SOURCE DATA →
####################
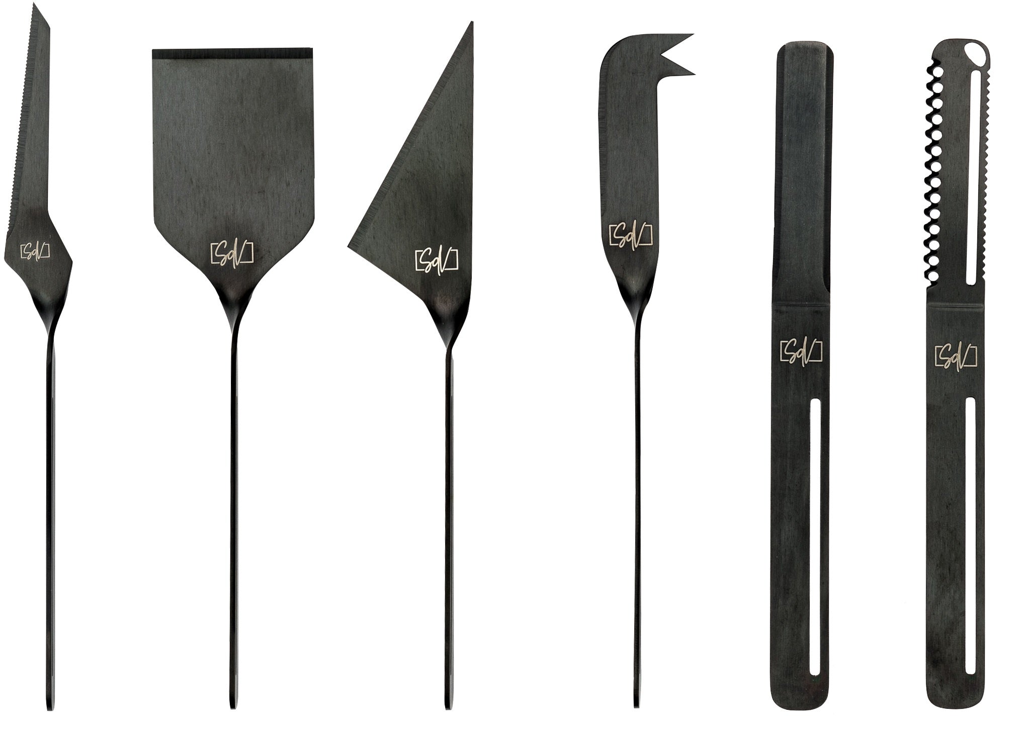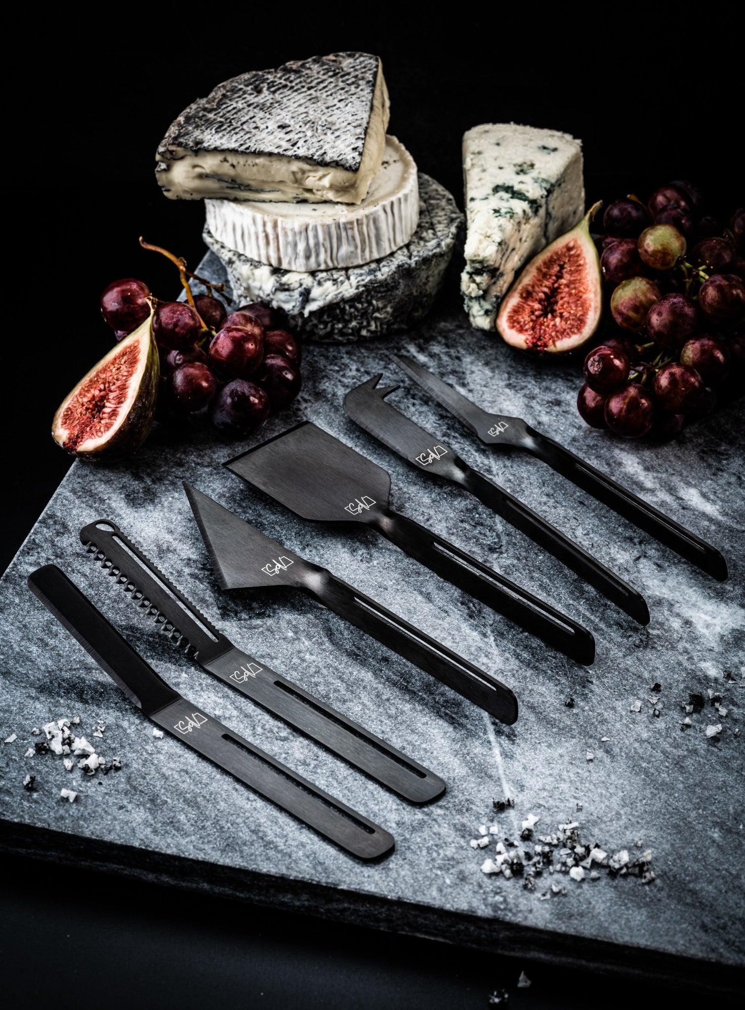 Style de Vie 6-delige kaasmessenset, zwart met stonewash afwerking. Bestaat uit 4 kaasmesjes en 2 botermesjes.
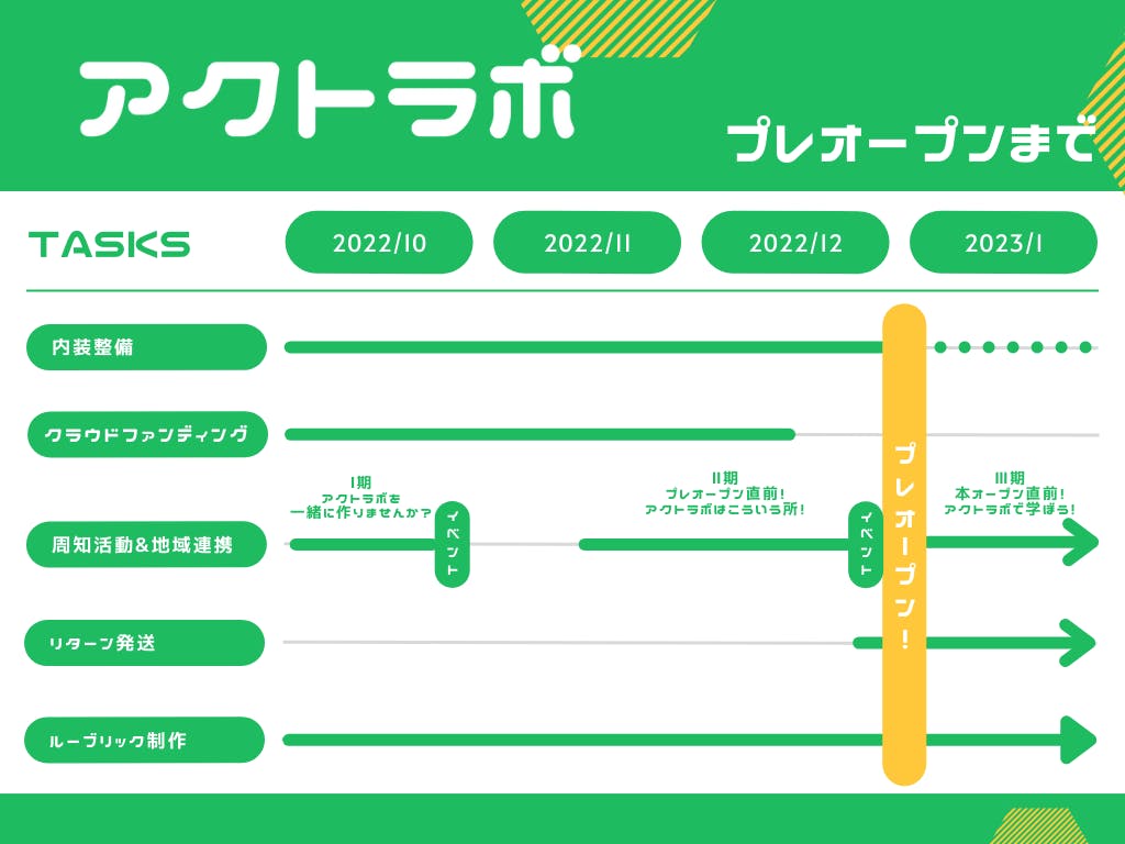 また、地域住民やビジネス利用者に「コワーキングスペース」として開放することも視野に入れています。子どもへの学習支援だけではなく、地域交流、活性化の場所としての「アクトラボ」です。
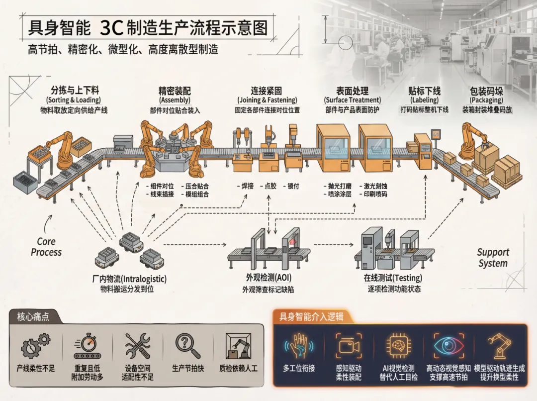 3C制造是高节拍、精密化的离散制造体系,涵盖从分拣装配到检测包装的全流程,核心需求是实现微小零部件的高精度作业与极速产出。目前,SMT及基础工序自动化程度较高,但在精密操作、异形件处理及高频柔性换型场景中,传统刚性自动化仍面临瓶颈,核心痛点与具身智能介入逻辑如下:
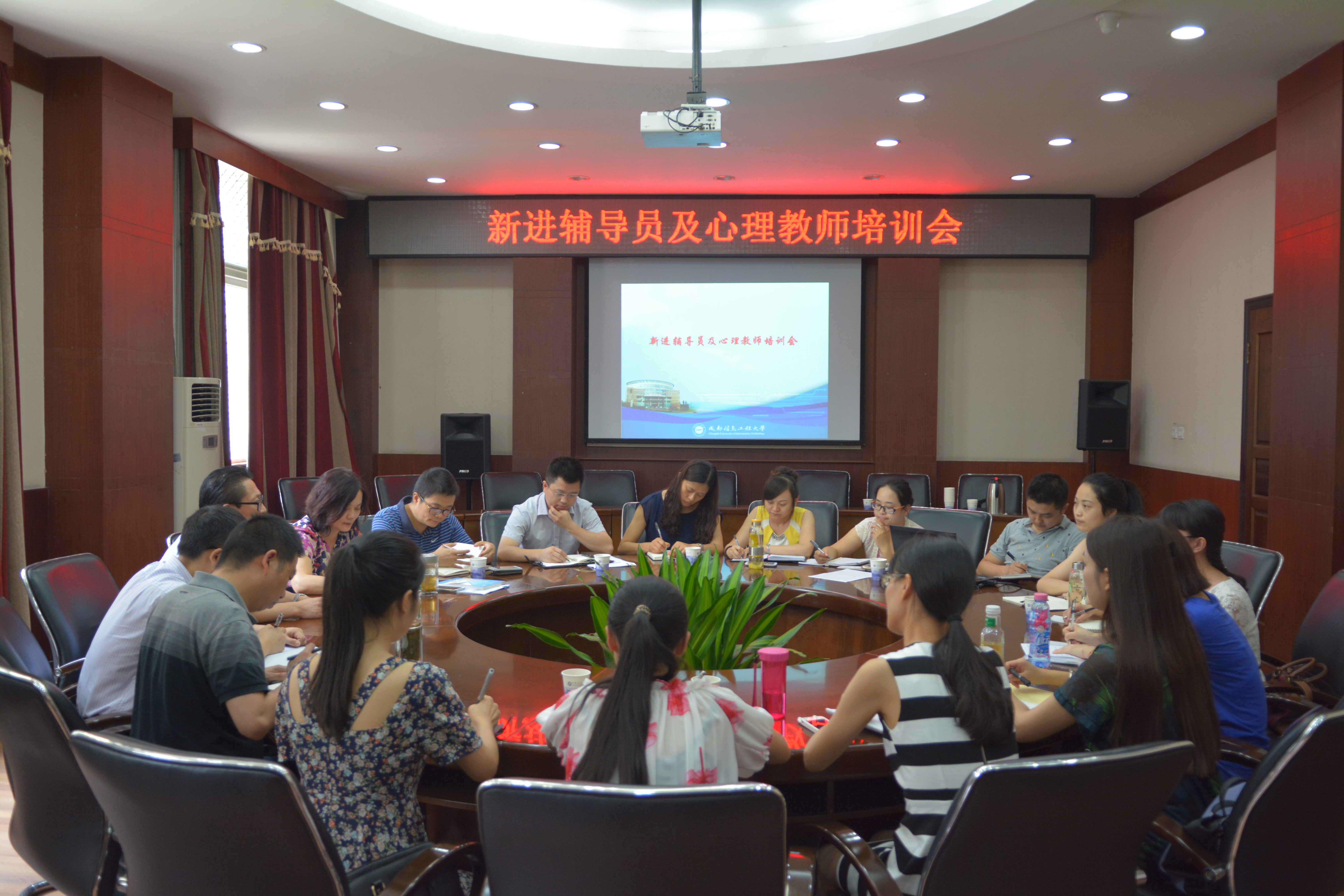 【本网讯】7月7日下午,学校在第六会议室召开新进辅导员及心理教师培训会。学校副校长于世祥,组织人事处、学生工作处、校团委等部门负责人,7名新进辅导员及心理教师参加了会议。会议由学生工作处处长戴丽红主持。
####################
ASSIGNED TASK → Exactly reproduce the lines beginning at the one that contains "また、地域住民やビジネス利用" and ending at the final line of the material, with the pictures left out.

COMPLETED EXERCISE →
 また、地域住民やビジネス利用者に「コワーキングスペース」として開放することも視野に入れています。子どもへの学習支援だけではなく、地域交流、活性化の場所としての「アクトラボ」です。
 3C制造是高节拍、精密化的离散制造体系,涵盖从分拣装配到检测包装的全流程,核心需求是实现微小零部件的高精度作业与极速产出。目前,SMT及基础工序自动化程度较高,但在精密操作、异形件处理及高频柔性换型场景中,传统刚性自动化仍面临瓶颈,核心痛点与具身智能介入逻辑如下:
 【本网讯】7月7日下午,学校在第六会议室召开新进辅导员及心理教师培训会。学校副校长于世祥,组织人事处、学生工作处、校团委等部门负责人,7名新进辅导员及心理教师参加了会议。会议由学生工作处处长戴丽红主持。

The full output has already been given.